Raw linseed oil in its natural state is a dark amber to greenish-yellow color. Placed in a clear glass jar in a window that gets a lot of sun, it will bleach to a light straw color inside six months. Linseed oil never quite becomes water-clear, which accounts in part for the widespread use of safflower oil as a vehicle by paint makers whose customers presumeably balk at whites that are not "pure" or blues slightly "turned" by the color of a vehicle that's not water-clear. However, linseed oil produces paint films unquestionably stronger and more flexible than those of any other drying oil, bar none.
A painting made with sun-bleached linseed oil and well cared for will not darken or yellow appreciably after several decades. However, if the painting is stored in the dark, it may darken and yellow within a fairly short time (humidity exacerbates the change). It will soon return to its original state when returned to display in ample ambient sunlight.
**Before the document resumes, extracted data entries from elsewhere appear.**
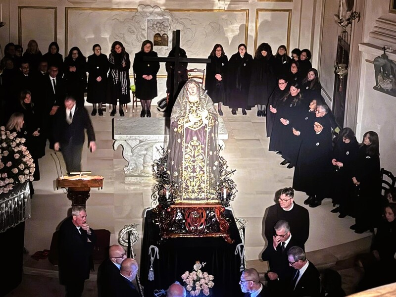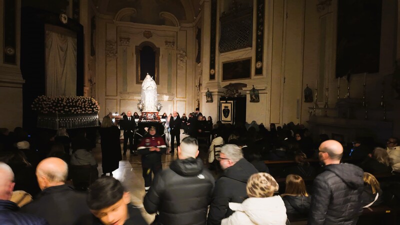 Se la Madonna non è andata dai fedeli, sono stati i fedeli ad andare dalla Madonna. La chiesa di Santa Teresa, nonostante la processione annullata, è stata gremita quasi sempre: chi non ha voluto rinunciare all'appuntamento con la Vergine Addolorata ha scelto di raggiungerla lì dove si trovava, al centro del presbiterio, al riparo dalla pioggia che pure non accennava a smettere. Un gesto spontaneo, quello dei fedeli, che ha detto molto del legame profondo che unisce questa comunità alla sua devozione. Niente corteo, niente banda, niente candele lungo il percorso: eppure la chiesa non ha mai smesso di accogliere devoti.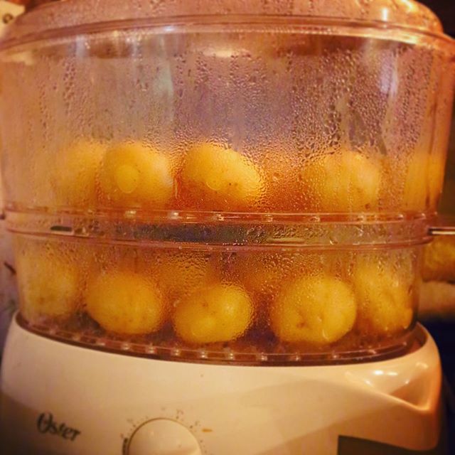 ころころ小さな新じゃがを蒸し器で一気に加熱!…って、昨秋導入した電気式蒸し器、送料込みで850円はすでに完璧に元が取れておりますね!(笑)(お)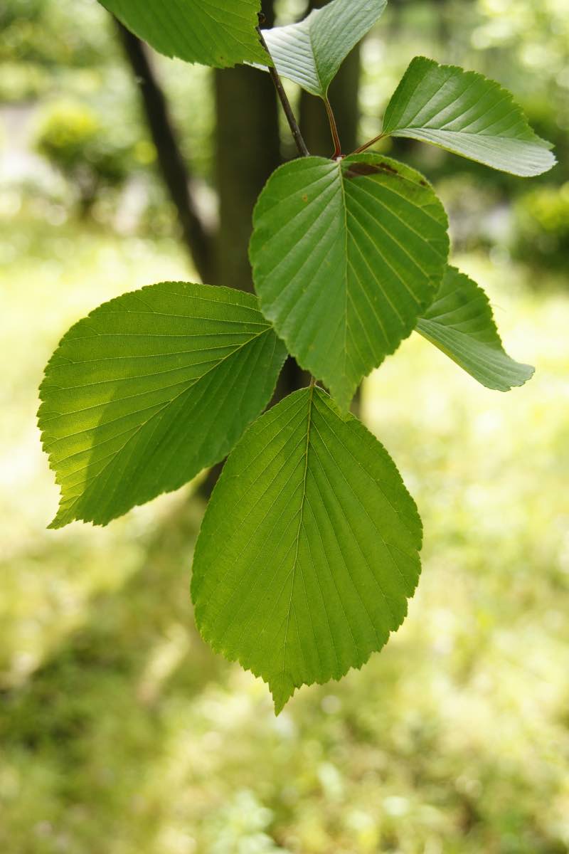 北海道から九州まで広く山地に生えていますが、特に東北から北海道に多く分布しています。高さは10~15mほどで株立ちになることもあります。葉の長さは5~10cmの卵形で、葉柄は赤味を帯び、葉脈が目立ちます。樹皮は灰黒褐色でざらつきます。[1][2][3]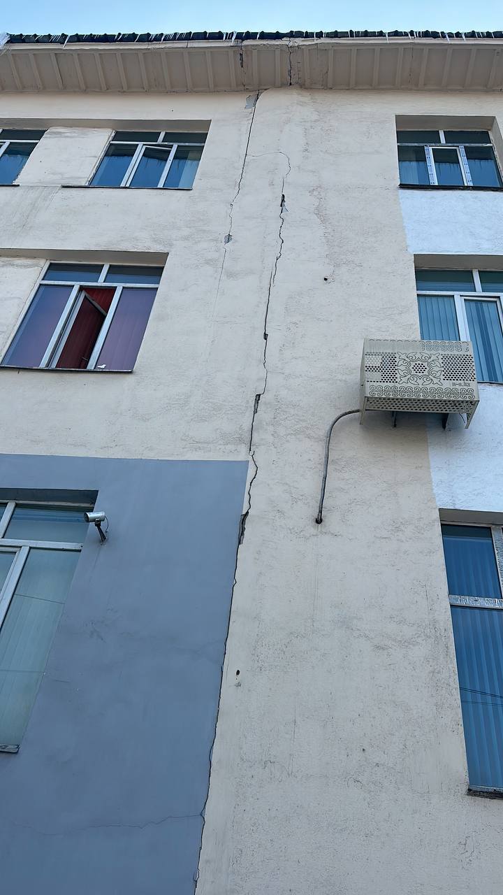 Пострадал корпус КазНАИУ. Есть трещина на стене Алматинского колледжа строительства и менеджмента.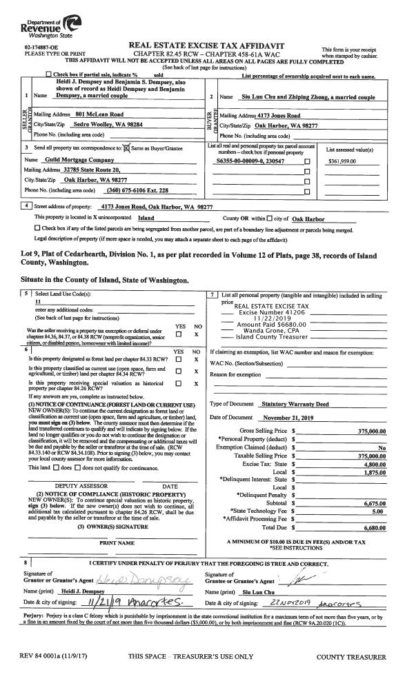 | 3 | 02/12/2018 | TTAXD | Treasurer's Tax Deed | H & H PROPERTIES, INC | ISLAND COUNTY TAX TITLE | | | $0.00 | 32922 | 4439086 |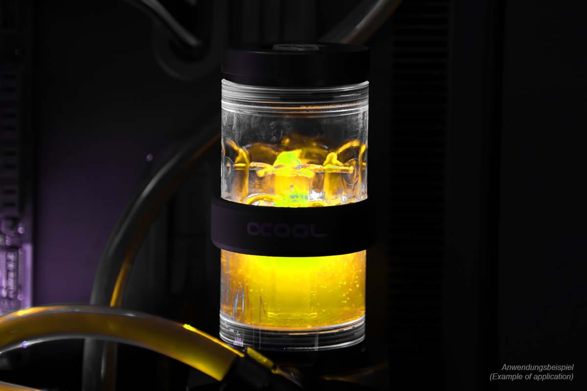 Wer seinem PC eine zusätzliche Portion Leuchtkraft verabreichen möchte, kann das Alphacool Eiswasser Crystal UV zum Einsatz bringen. Die UV-Reaktivität mit UV-LEDs oder Kathoden ist herausragend.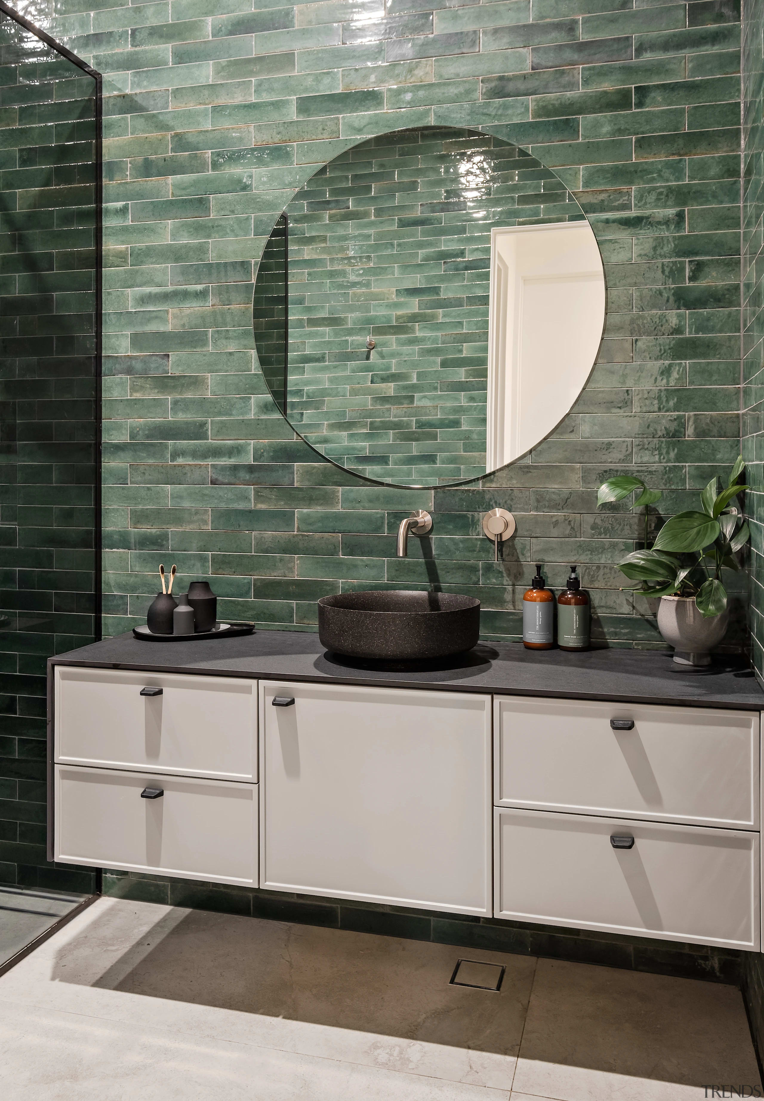 Dark tones and atmospheric lighting come together to give this spacious bathroom an individual design presence – a cantilevered, minimalist vanity complete with contemporary table top basins draws the eye on entry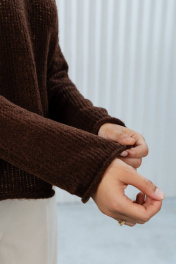 Этот модный шоколадный джемпер станет идеальным выбором для тех, кто ценит комфорт и стиль! Изготовленный из мягкой и приятной на ощупь пряжи, он подарит вам тепло и уют в прохладные дни. Особенности: Оверсайз-крой — свободный и удобный, подходит для создания расслабленных и стильных образов. Ажурный вязаный узор — добавляет изысканности и лёгкости, делая джемпер универсальным для разных стилей. Насыщенный шоколадный цвет — легко сочетается с джинсами, брюками, юбками и даже классическими блузками. Удлинённые рукава — обеспечивают дополнительный комфорт и тепло. Этот джемпер станет отличным дополнением вашего гардероба, идеально подходящим для повседневных прогулок, офиса или встреч с друзьями. Сочетайте его с любимыми аксессуарами, чтобы создать неповторимый образ!

This bleaching/darkening cycle is a normal aspect of oil paintings. Eventually, at some point several decades into the aging of the paint films the reversability of such yellowing ceases as a consequence of ongoing chemical reactions, and aged films become more transparent, as well as "yellower" with advancing age. In short, it is inevitable that oil paintings yellow as they age, but marked changes pretty much occur when the painter and his patrons have long ceased caring . . .
If ultimate permanence is the painter's goal, oil paint is not actually the very best choice. Watercolors remain unchanged by aging. Encaustic, egg tempera and buon fresco also have a much better record for unchanging permanence.